Book Review

We Are the Brennans

Rating:

We Are The Brennans by Tracey Lange, a Book Review by @barbaradelinsky #WeAreTheBrennans #BookReview #reading

Take an Irish family in New York, add a family business in crisis, a pair of star-crossed lovers, and secrets enough to layer the plot with guilt, frustration, and suspense, and you have WE ARE THE BRENNANS.

The story opens with the drunk-driving auto accident of Sunday Brennan, the only female of four siblings. She is living in Los Angeles, estranged from the family until her designated next-of-kin, her oldest brother, receives a call that she is hurt, flies out from New York, and persuades her to come home. Once there, she is sucked right back into the messes of her three brothers, her father, her ex-fiancé, and the bar.

Similarly, the reader is caught up in the big questions – like, what is going on with the bar’s finances, whether the oldest brother can get his wife and daughter back, and why Sunday left town so abruptly five years before.

In addition to Sunday’s voice, there are chapters in the voices of her brothers, father, and ex, bringing us little by little up to speed on the current state of their lives. Nothing is perfect here. This family, these people, are imperfect as sin, all too human, just as we are. This is, perhaps the greatest strength of the book.

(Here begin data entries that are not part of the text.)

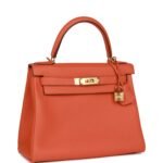 Hermès Kelly Retourne 28 Orange Togo Gold Hardware
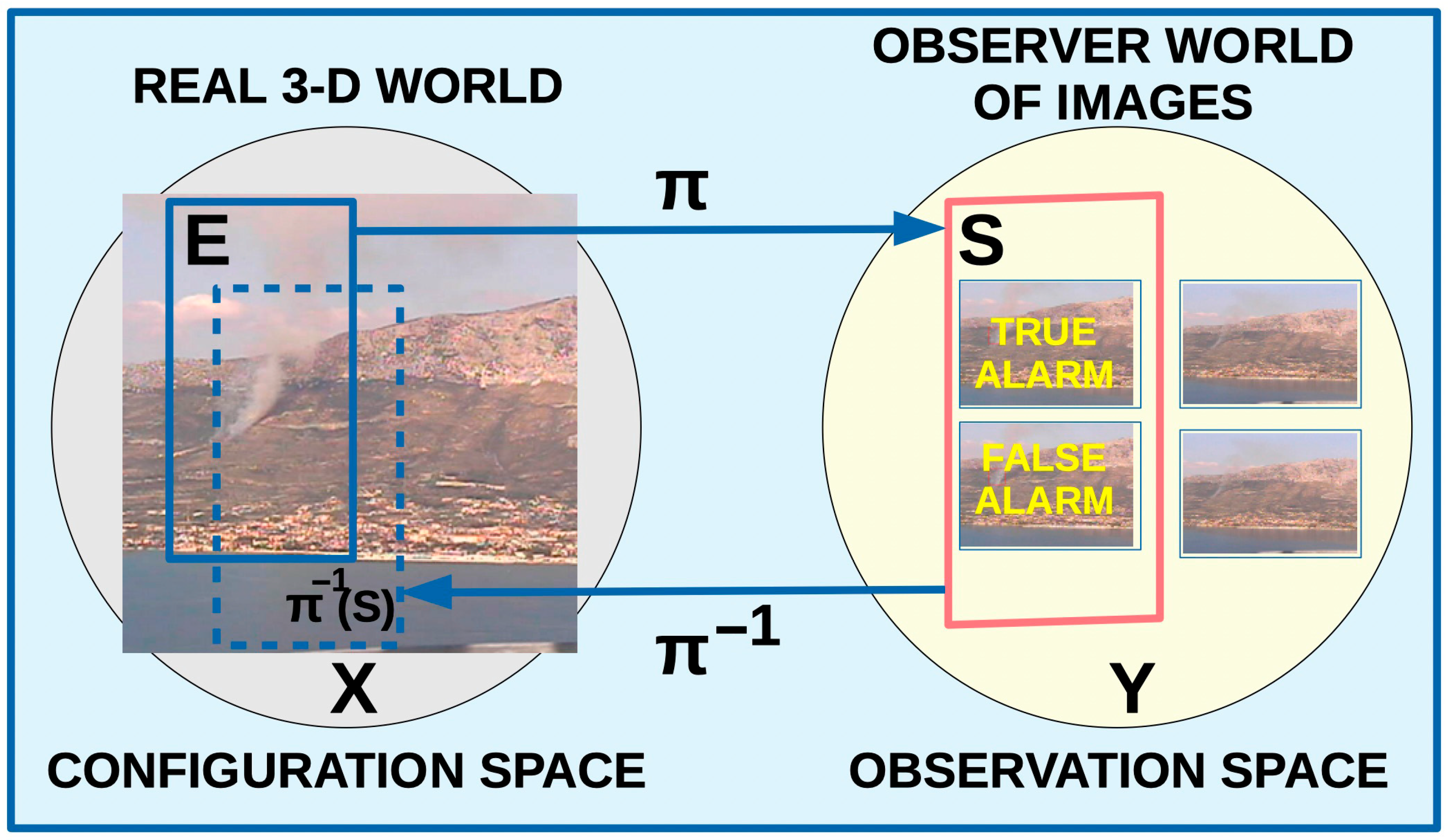 - Local evaluation at the image level, where the goal is to assess whether the observer correctly identifies the location of wildfire indicators, typically smoke in the early stages of a fire, and accurately recognizes the pixels where smoke is present on the image. For this evaluation, the ground truth images should be manually segmented, in the simplest case into two binary regions: areas where smoke is present and areas where smoke is not. The set E now includes smoke pixels, while its complement EC includes all other no-smoke pixels. Since smoke at its boundary areas is a semi-transparent phenomenon, fuzzy evaluation has also been proposed, where the smoke is segmented as a fuzzy set with increasing membership degrees from 0 to 1 [16].
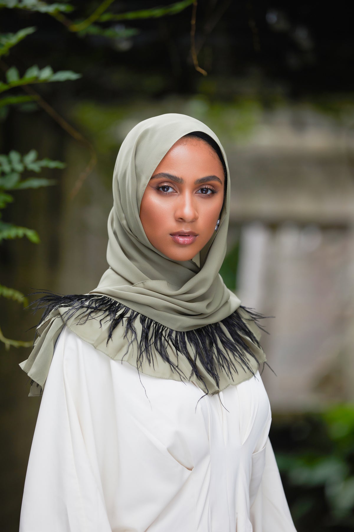 Our bestselling ruffle hijab, now with a feathery twist! Made for the glamorous woman just like you, our Noura hijab is made from the most light, airy, buttery-soft chiffon fabric that flows and drapes in an effortless manner.
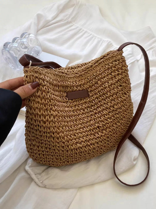 Straw Woven Adjustable Strap Crossbody Bag
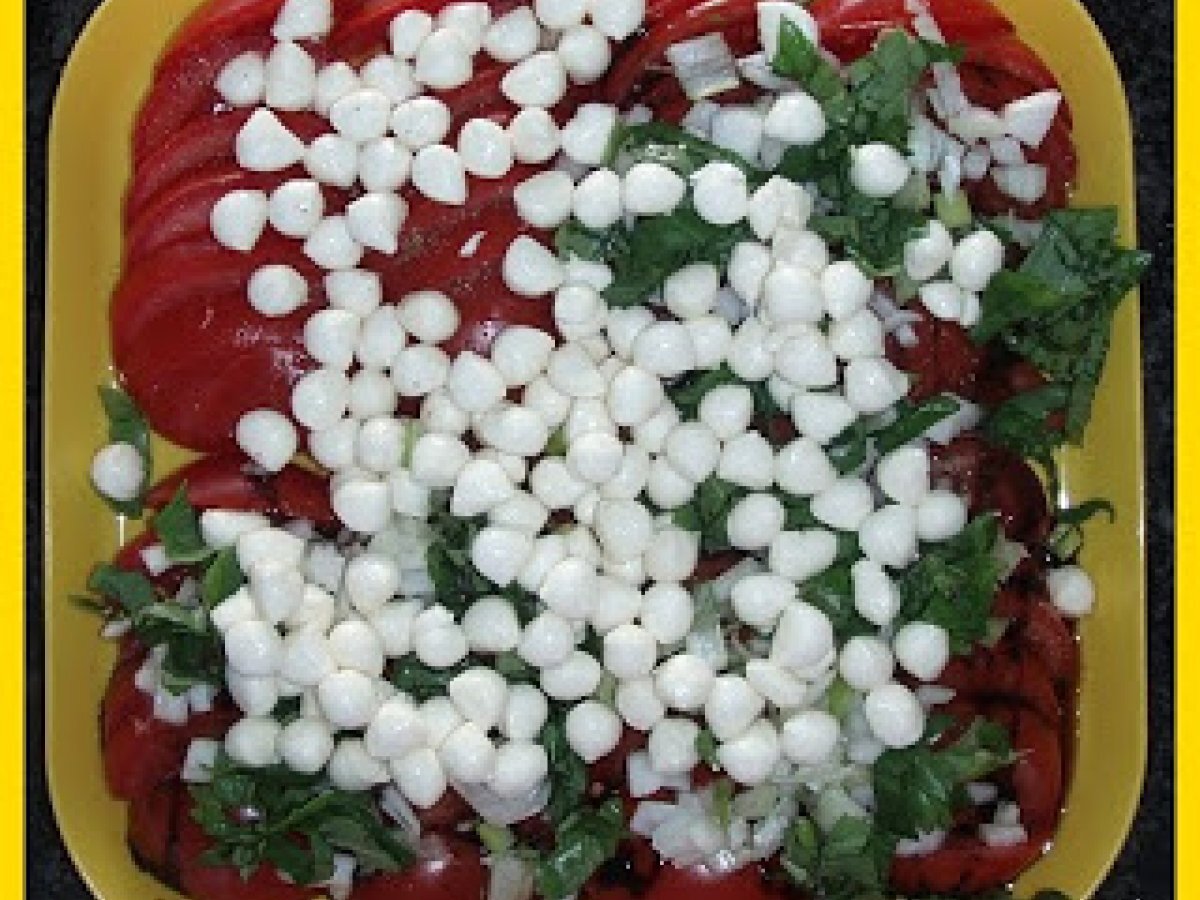 - Die Tomaten und in Scheiben schneiden, auf einen Teller legen.

Its greatest weakness? I’m still trying to put my finger on that, still trying to figure out why I didn’t love this book. It may have been Sunday’s passivity; I want a strong heroine, and she was not. It may have been the narration of the audiobook, which leaned toward extremes. It may have been the ending, which left me up in the air – and yes, I know, the point was that the Brennans are the Brennans and will work it out.

But after slogging through their other problems and now facing as important an issue as this last one, I wanted to see how they did it.  Moreover, had some of those earlier slogs been shorter, there’d have been plenty of time for that.

Still, WE ARE THE BRENNANS is nicely written. The characters are, indeed, like family. It’s a diverting read.